Nathan Sedlaczek, 13, rides a quad with his family at Oceano Dunes SRVA. New dust control measures are being put to the test at Oceano Dunes SVRA (State Vehicle Recreation Area). dmiddlecamp@thetribunenews.com

The San Luis Obispo County Health Commission has issued a letter to the county supervisors recommending that the Board of Supervisors respond vigorously to the significant, ongoing health risks endured by residents of the Nipomo Mesa who reside in the dust plume from the Oceano Dunes. We the residents need help to protect us from the ongoing, unresolved, serious health consequences of exposure to airborne particulate matter blowing from the dunes.
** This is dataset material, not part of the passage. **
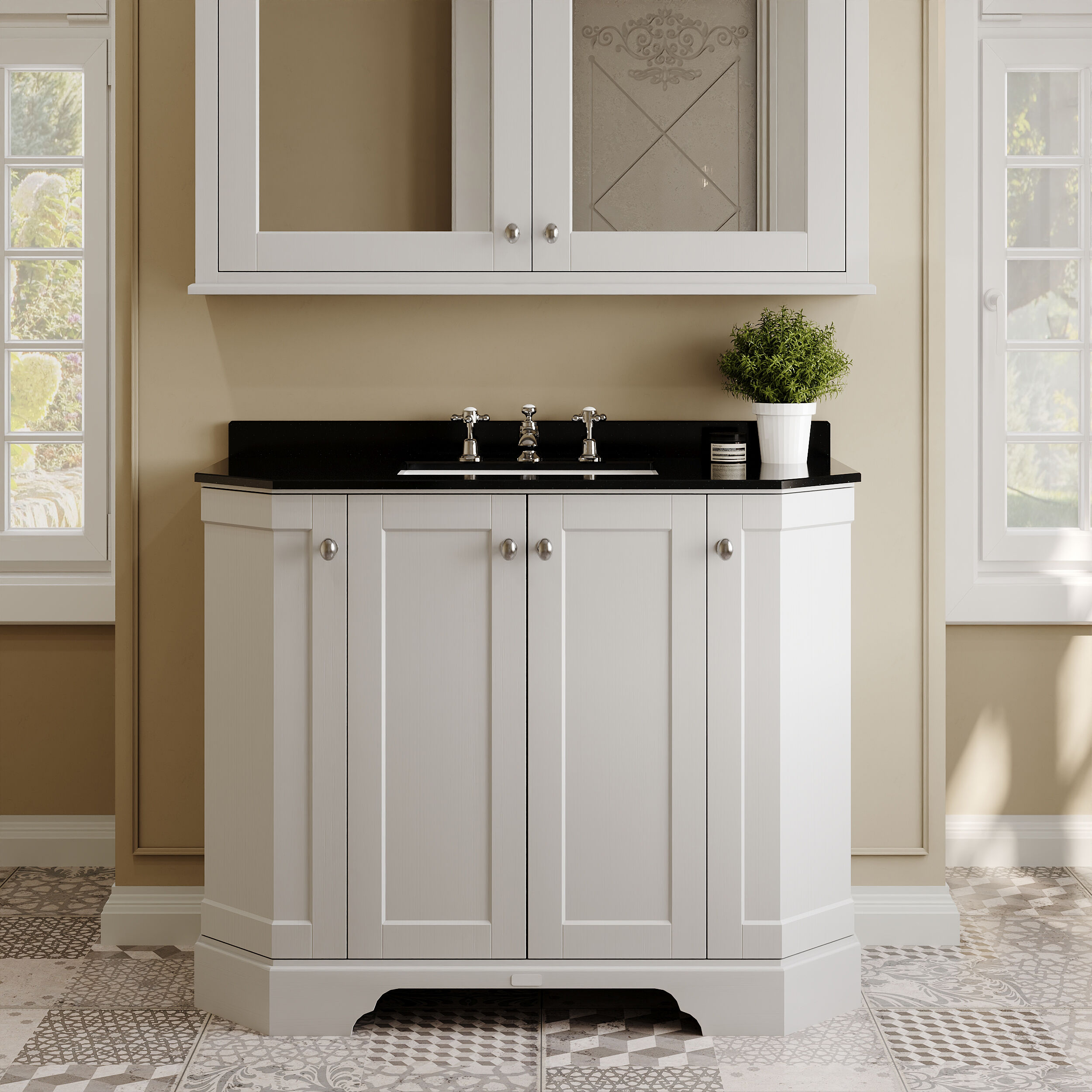Old London Floor Standing 4 Door Angled Vanity Unit with 3 Tap Hole Black Marble Top 1000mm - Timeless Sand

Last week, I watched “Nova” on PBS, which presented “Poisoned Water,” a documentary telling how one woman identified the risks of untreated water used by the residents of Flint, Michigan. Samples were sent to the EPA. Their tests revealed high levels of lead and found that the city was not treating the water as required by law. Then a professor from Virginia Tech got involved and enticed students to gather more water samples, and tests indicated high levels of lead, three times the level of hazardous waste. Officials in Flint, at the state house and EPA tried to ignore the problem and attacked the scientists for spreading false information.

Finally, truth prevailed and corrective measures were implemented; 13 criminal indictments were issued. A comparison to our situation is evident.